Philip John Boyer (born 25 January 1949) is an English former footballer who played for various clubs during his career, including Southampton, Norwich City, AFC Bournemouth and Manchester City. He has the rare distinction of having played over 100 league games for four clubs. He also made one appearance for England.

Career

Early career
Born in Nottingham, Boyer attended Musters Road School, Nottingham, from where he joined Derby County as a trainee in August 1965. Although he signed as a professional in November 1966, manager Brian Clough allowed him to leave the Baseball Ground in July 1968, without having made a first team appearance.

York City
After completing his apprenticeship with Derby County, Boyer moved to York City in July 1968 for a fee of £3,000. In 125 appearances, Boyer scored 34 times but played an important role in creating opportunities for forward partner Ted MacDougall, with whom he was later to play at three other clubs. At the end of his first season at Bootham Crescent, York successfully applied for re-election to the Fourth Division, and their fortunes then gradually improved and they achieved promotion at the end of the 1970–71 season (after Boyer had left).

AFC Bournemouth
After his teammate moved to Bournemouth & Boscombe Athletic, it was only a matter of time before Cherries manager John Bond signed Boyer as well, and he successfully offered £20,000 for Boyer in December 1970. Like the club he had just left, Bournemouth were also promoted (as runners-up) from the Fourth Division at the end of his first season at Dean Court, with Boyer scoring 11 league goals in 23 appearances as he once again linked up with MacDougall.

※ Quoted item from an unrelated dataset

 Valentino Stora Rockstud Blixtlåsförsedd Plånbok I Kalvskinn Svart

The following season, Bournemouth finished in third place in Division 3, narrowly missing a second successive promotion, with Boyer ever-present, scoring 15 goals and helping MacDougall to score 35.

Norwich City
When Bond moved to Norwich City in November 1973, he reunited the pair. He signed MacDougall from West Ham almost immediately and then signed Boyer from Bournemouth for £145,000 in February 1974. He made his Canaries debut against Sheffield United at Carrow Road on 9 February 1974.

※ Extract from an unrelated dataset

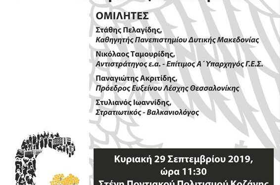 Σας προσκαλούμε να μας τιμήσετε με την παρουσία σας στην εκδήλωση που θα πραγματοποιηθεί την Κυριακή 29 Σεπτεμβρίου 2019 και ώρα 11.30 στη Στέγη Ποντιακού Πολιτισμού Κοζάνης.

The end of the 1973–74 season saw Norwich relegated in last place, but the following season Bond guided them back to the top flight at the first attempt, and also to the 1975 League Cup Final, which they lost 1–0 to Aston Villa at Wembley.

The Boyer/MacDougall partnership was not quite so prolific at Norwich (although on a higher level), with Boyer scoring 16 goals in 1974–75 (to MacDougall's 17) and 11 in 1975–76 (to MacDougall's 23).

Boyer made two England under-23 appearances before manager Don Revie called him into the senior national squad and gave him his only full cap, in a 2–1 victory over Wales on 24 March 1976, thus becoming Norwich City's first English cap.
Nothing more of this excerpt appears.